InfoQ: You talk about citizen developers as business users capable of doing basic development with the proper tooling. Do you think this has become a realistic way for companies to develop software solutions?

Dion: I think we are now on the cusp of this being ready for the average organization. Leading companies have done this for many years, since there have been APIs actually. As soon as APIs appear, these kinds of tools appear. This is amazing.

The model for now, beyond very simple event driven applications is for citizen developers to build user experiences and simple application flows and IT helps by filling in and completing the application logic.

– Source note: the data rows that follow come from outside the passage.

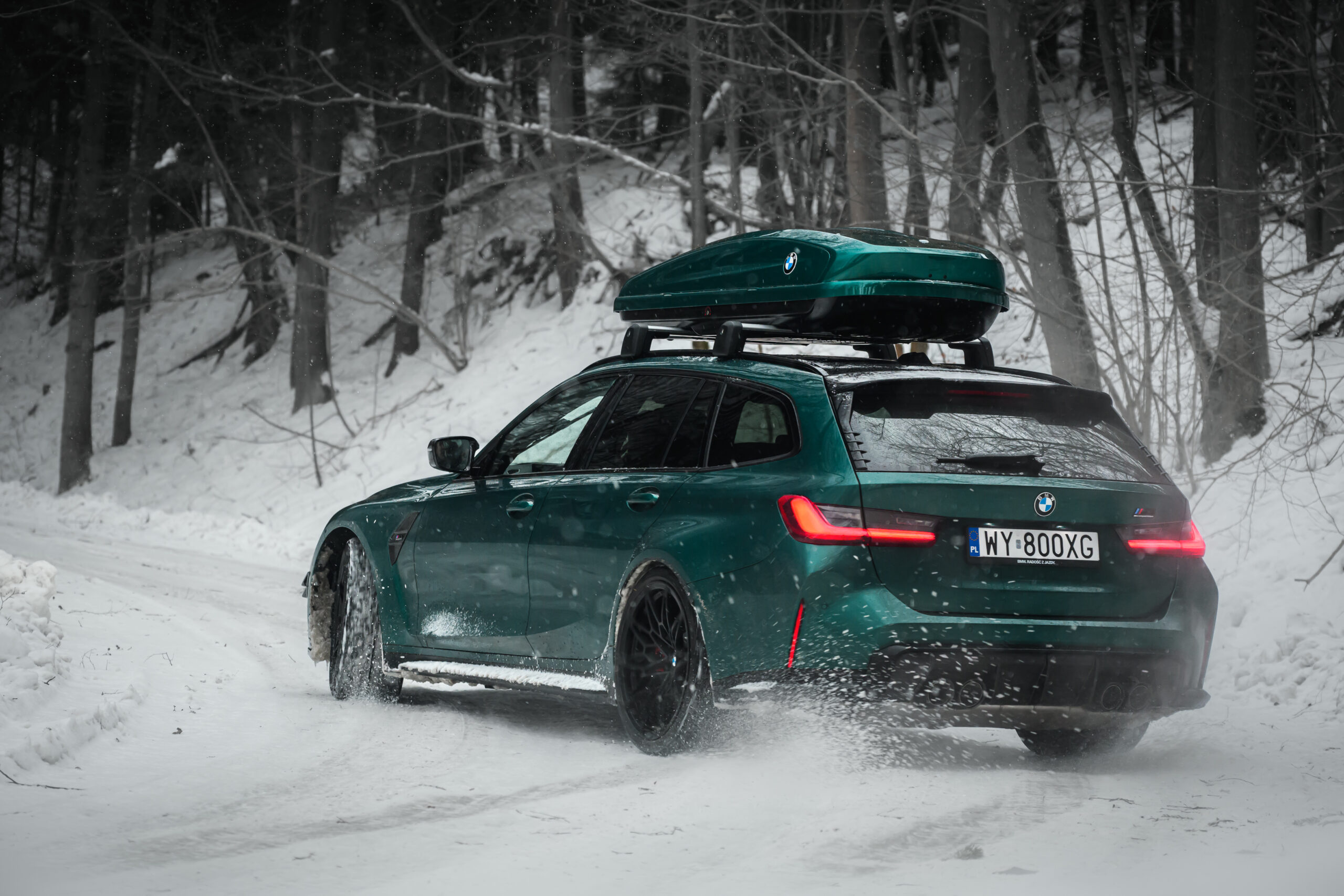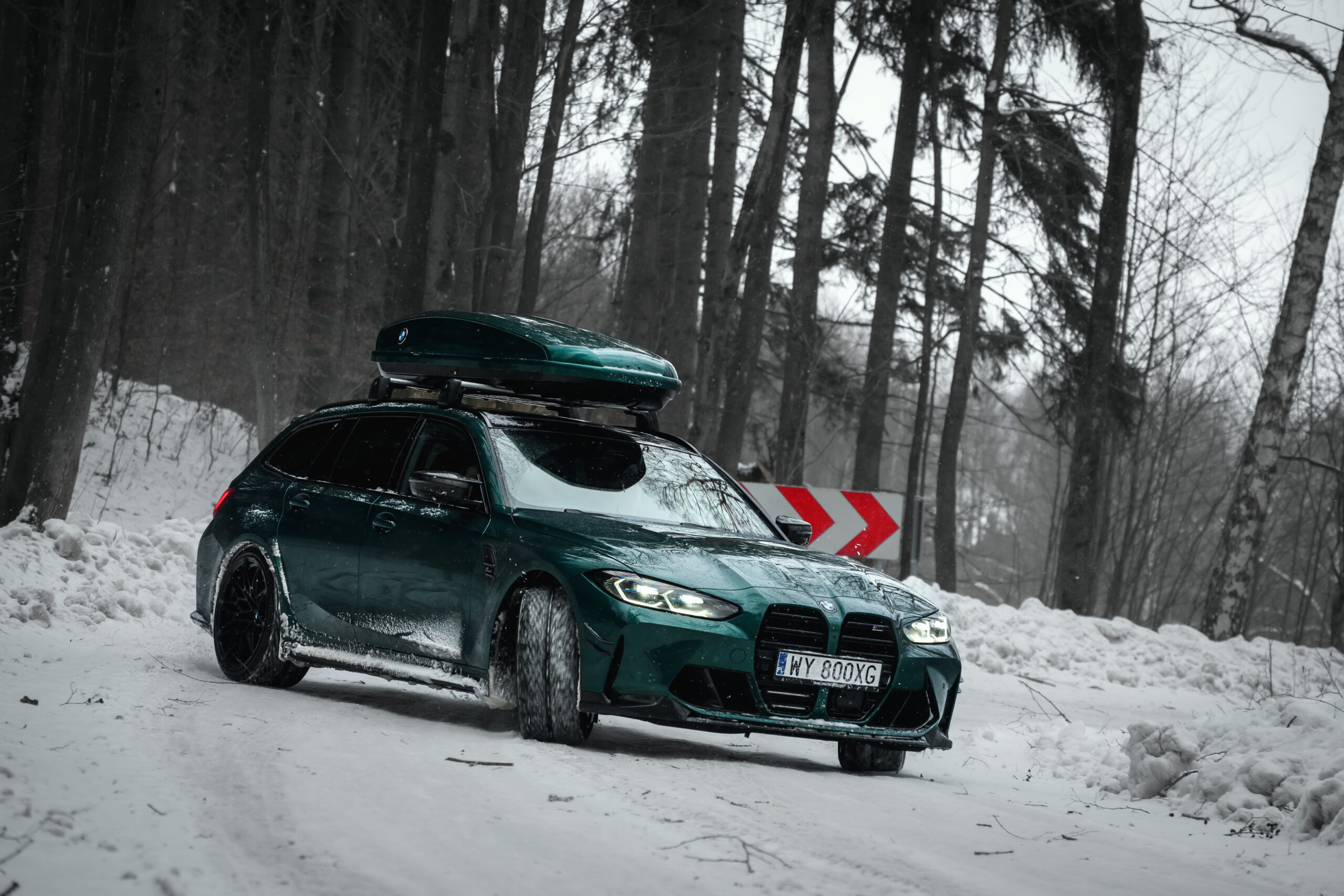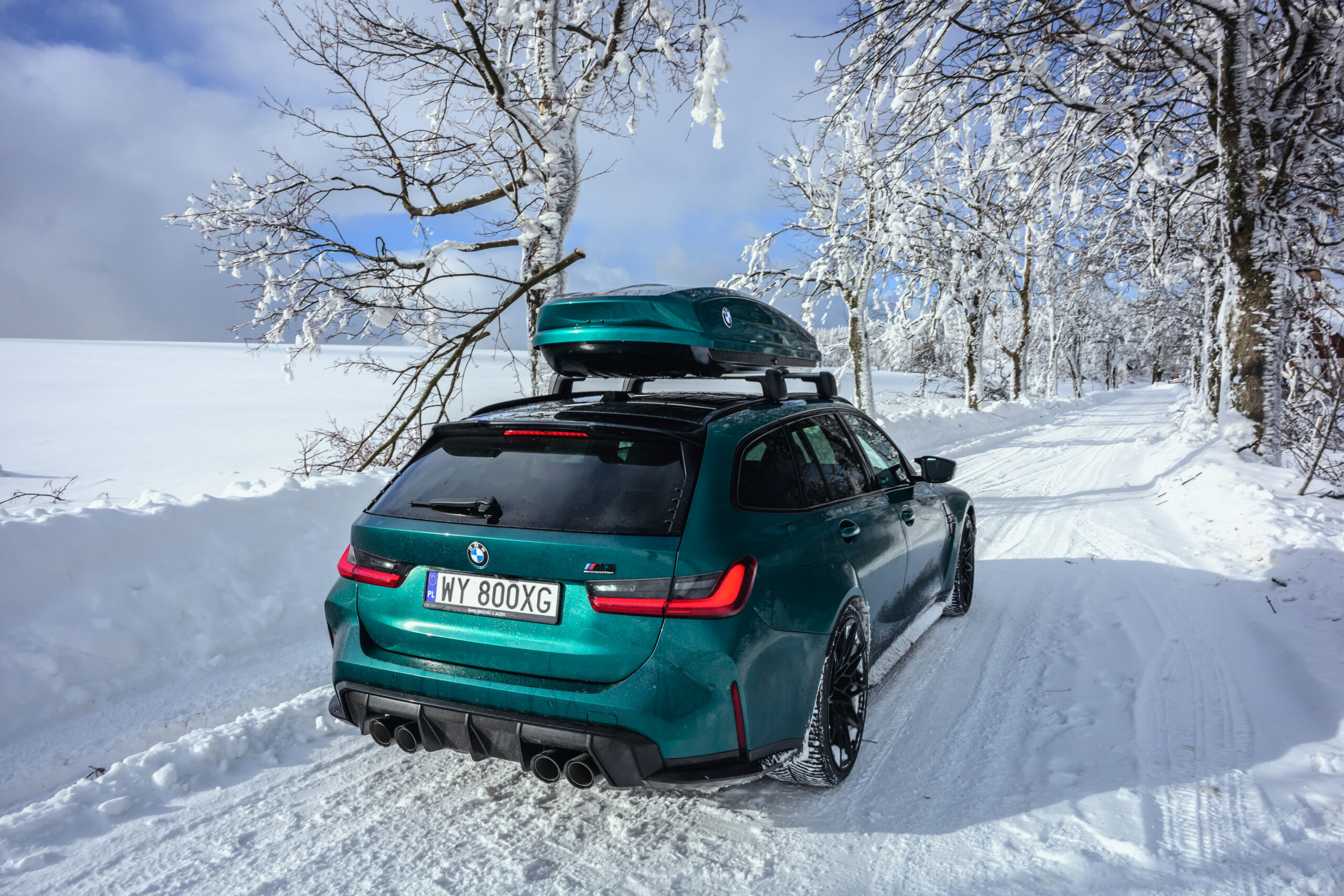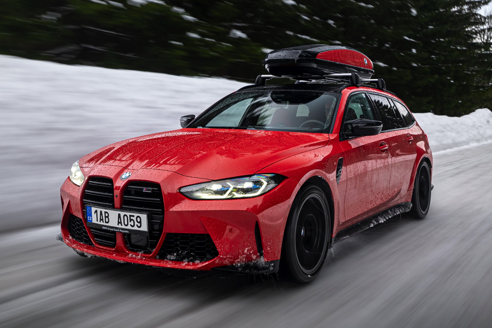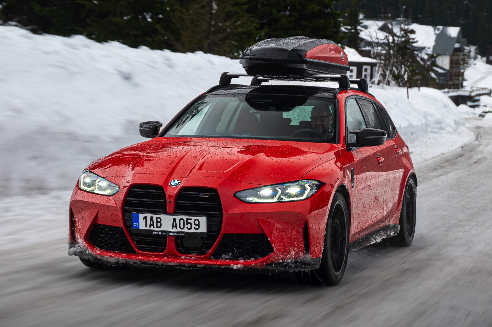 Wer auch nach dem langen Winter-Drift-Video von Matthias Malmedie noch nicht genug vom BMW M3 Touring (G81) im Schnee hat oder auf den bisherigen Aufnahmen eine praktische Dachbox vermisst hat, erhält nun Foto-Nachschub aus der Tschechischen Republik. Eine neue Foto-Serie zeigt uns den M3 Touring in Toronto Rot Metallic inmitten einer verschneiten Landschaft – und das bei durchaus engagierter Gangart mit ansehnlichem Driftwinkel. Ein besonderer Hingucker findet sich auf dem Dach des Power-Kombis, denn der gezeigte M3 trägt eine Dachbox aus dem BMW Zubehör-Programm.
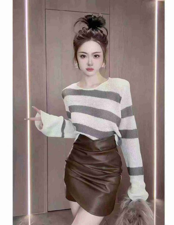 春季新款御姐轻熟风韩系高级感撞色条纹长袖针织衫,独...
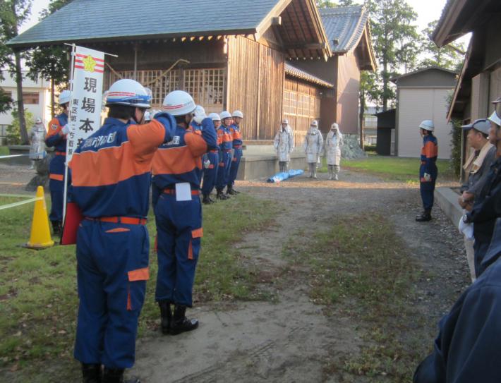 早朝から参加者が一体となって訓練に励んだ後、消防団東区支団長や東区長からの講評、反省会がありました。
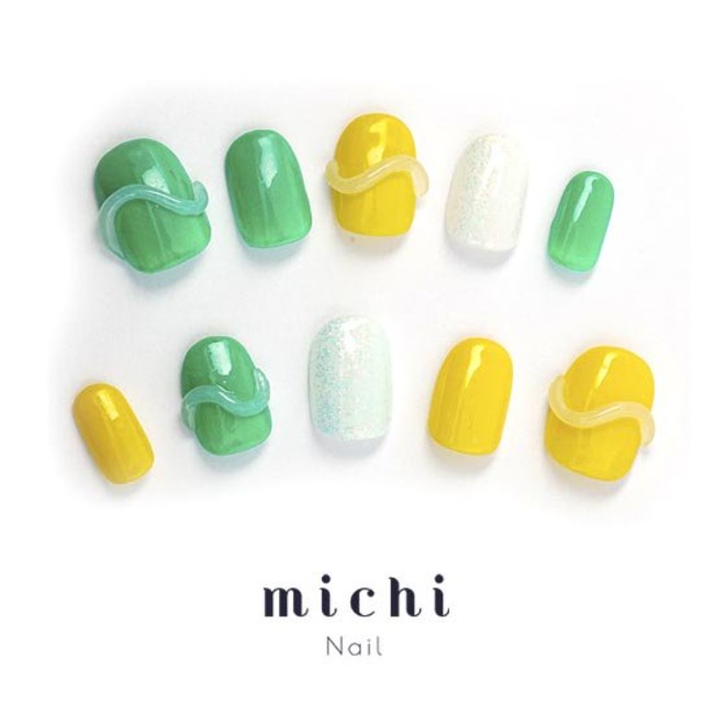 今期のトレンドカラーのグリーンやイエローを大胆に使ったこちらのネイル。韓国で話題のうねうねデザインです。ビタミンカラーのネイルは、個性的で元気な印象を与えてくれます。
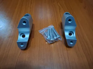 Riser Wunderlich per manubrio Ducati Desert X, per una posizione di guida più arretrata (24 mm) e rialzata (44 mm). Lavorati dal pieno. Mai usati. - Materiale: Alluminio - Colore: Grigio - Include viti di montaggio
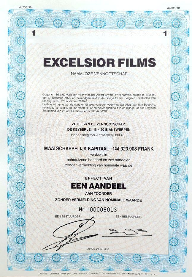 27 mars 26John MayBorgerhout - Excelsior Films (Antwerpen) 1992/93Origineel niet geannuleerd aandeel met volledig nog aangehecht couponblad en voorzien van watermerken. Antwerpen was ooit nog in de ban van de flamboyante cinemabaas en icoon "baron heylen van oiEnlèvement ou Envoi
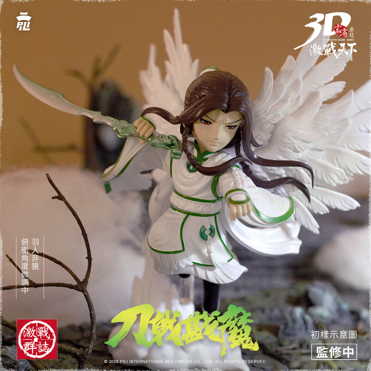 ✦羽人非獍公仔乙隻;配件:神刀天泣(單/雙手皆可持)、雲蹤氣旋地台|羽人非獍角色名片卡、羽人非獍預購限定雙面情境卡
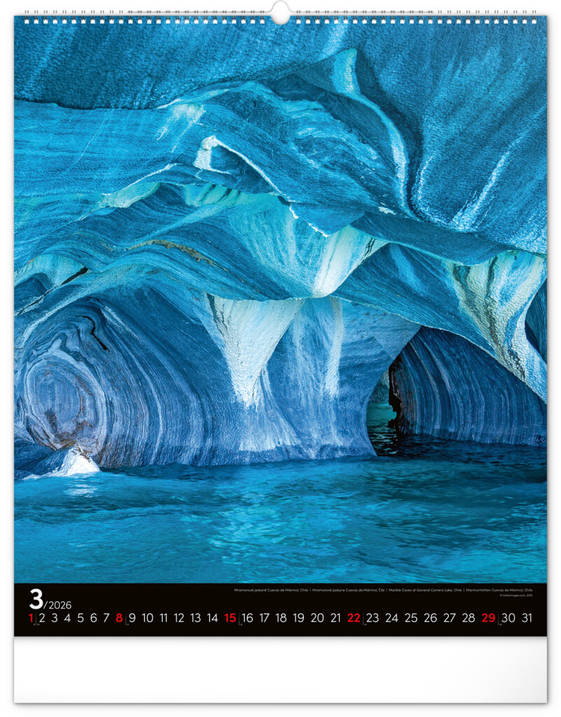Kalendář Platinum Collection obsahuje velkoformátové fotografie přírodních scenérií z exotických zemí. Zavěste si na zeď okno do světa!Fotografie islandské přírody nebo arménského kláštera doplňuje univerzální kalendář na černém pozadí.
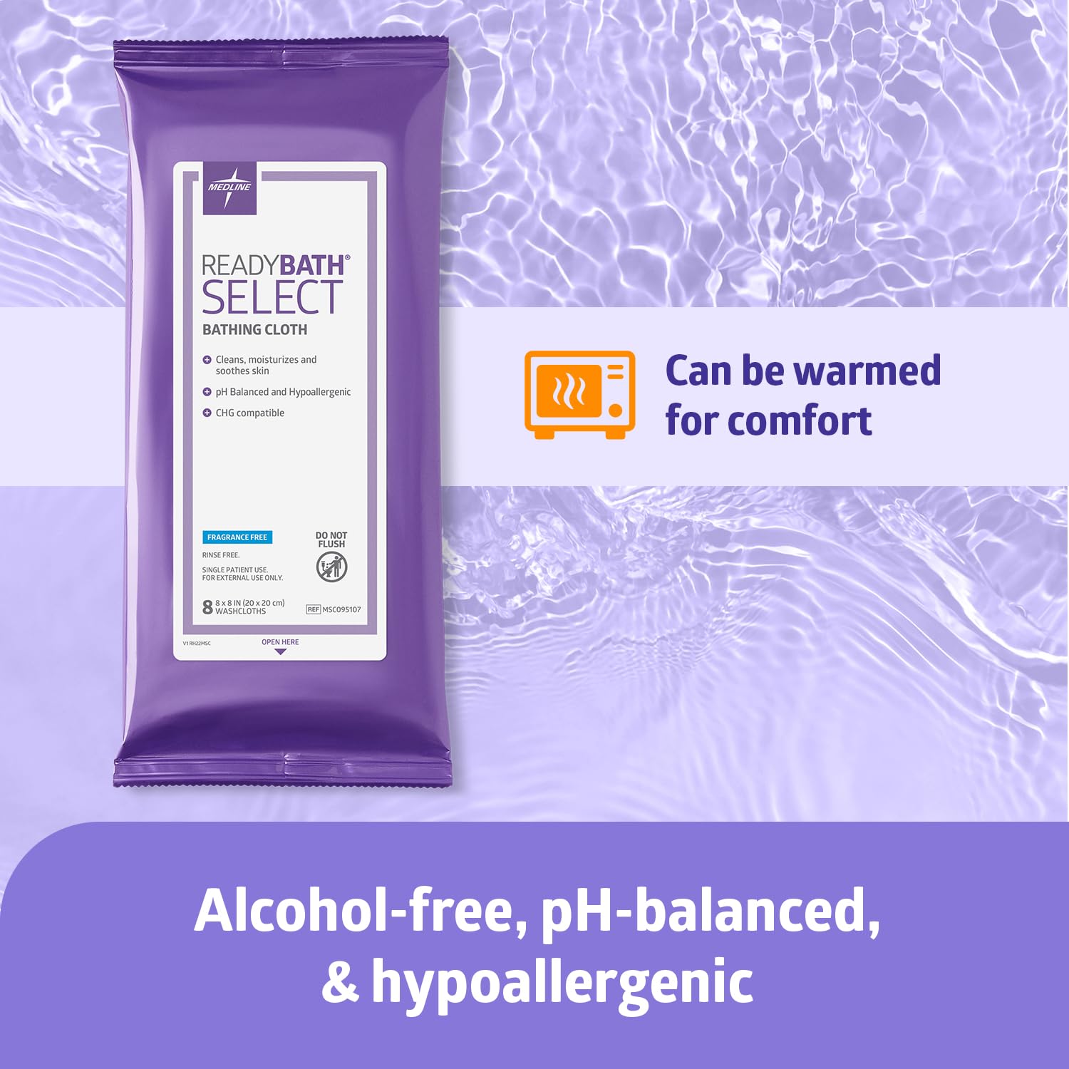 • Stay comfortable while cleansing - ReadyBath Select bathing wipes are formulated to soothe even the most sensitive skin and also eliminate odors and kill germs, and can be warmed to comfort skin
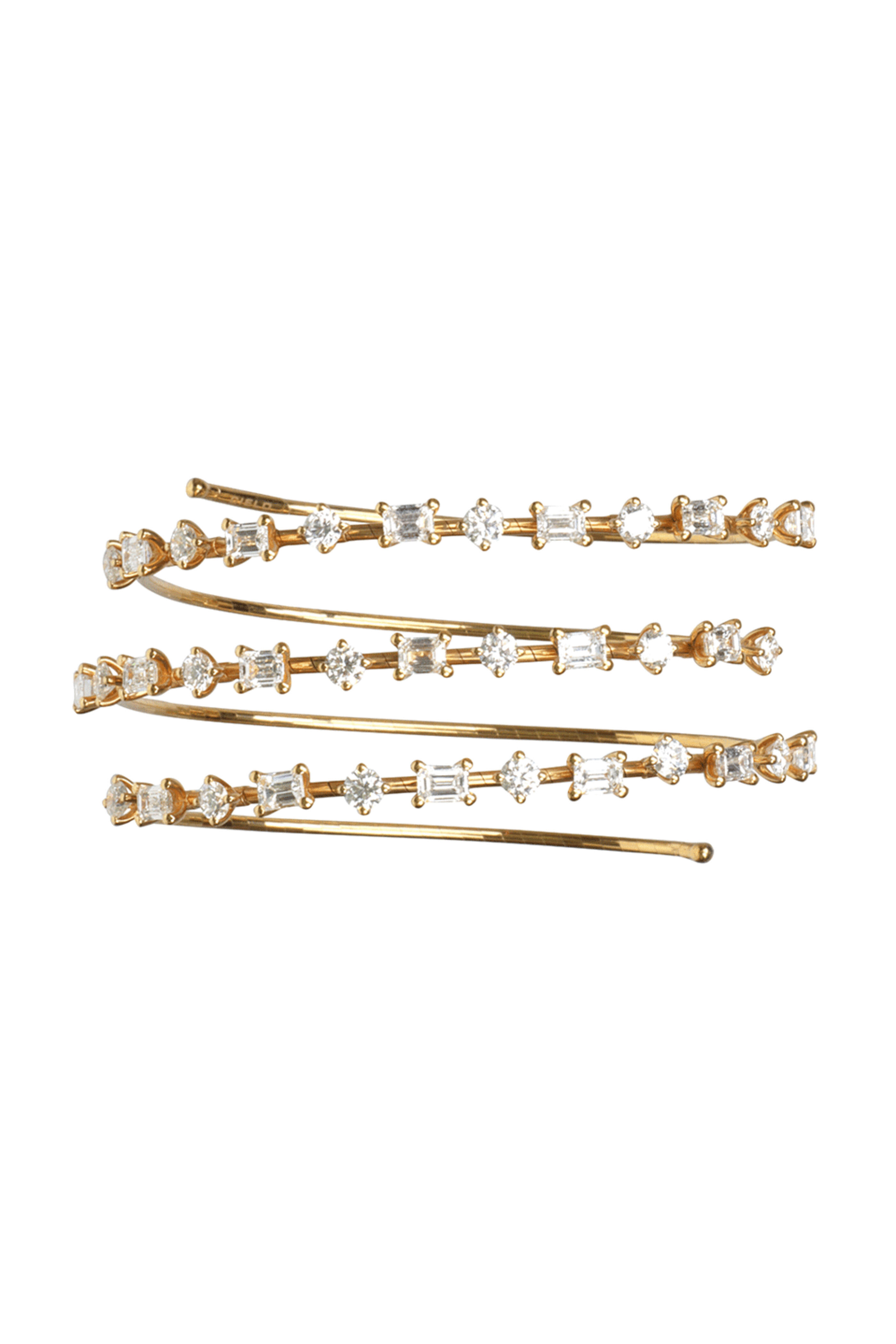 Mattia Cielo Mix Diamond Wrap Bracelet. 18k gold. Diamond 7.02 total carat weight. Emerald cut diamond. Round, brilliant cut diamond. Wrap style. Three rows. Diamonds staggered along wrist spiral. Flexible. Made in Italy.

It’s a very exciting space, that there are enough evidence that indicate that we are in the early stages of the blossoming of citizen developer as a real entity, again made possible by APIs.

InfoQ: Will business users want to provide or consume APIs per se, or will they need less technical paradigms such as connectors, spreadsheets and forms?

Dion: I've been gratified at the broader understanding of APIs in the non technical user community, but we haven’t really seen an effective metaphor that can fully replace it.

I think users understand concepts like simple “apps" as an understable unit of functionality and data, so in today's low-code environments, data sources are often conflated with the apps that provide them, such as getting the forecast from as opposed to API which is where the data really comes from.

These days, there is a general understanding that apps are data source when it is the API that really does the work, so I think it will all work out.

InfoQ: You’ve talked a lot about the power of distributed networks and platforms. How important are APIs in this regard? Are they strategic, tactical or a mere technical aspect for a company?

Dion: So, I was talking to API pioneer John Musser about this topic this afternoon here at the conference and that APIs themselves are still critical to achieving the highly decentralized systems we are talking about that are required to create successful digital businesses.

But that meta-concepts above the API level are now growing in strategic importance and are becoming a central study as much as the APIs themselves.

I would point to the work of John Hagel's team at Deloitte on their work at ecosystem patterns to show that there is an architecture level one major step above API architecture.

This is something we have really understood for three or four years now and that's where the strategic discussion is really moving.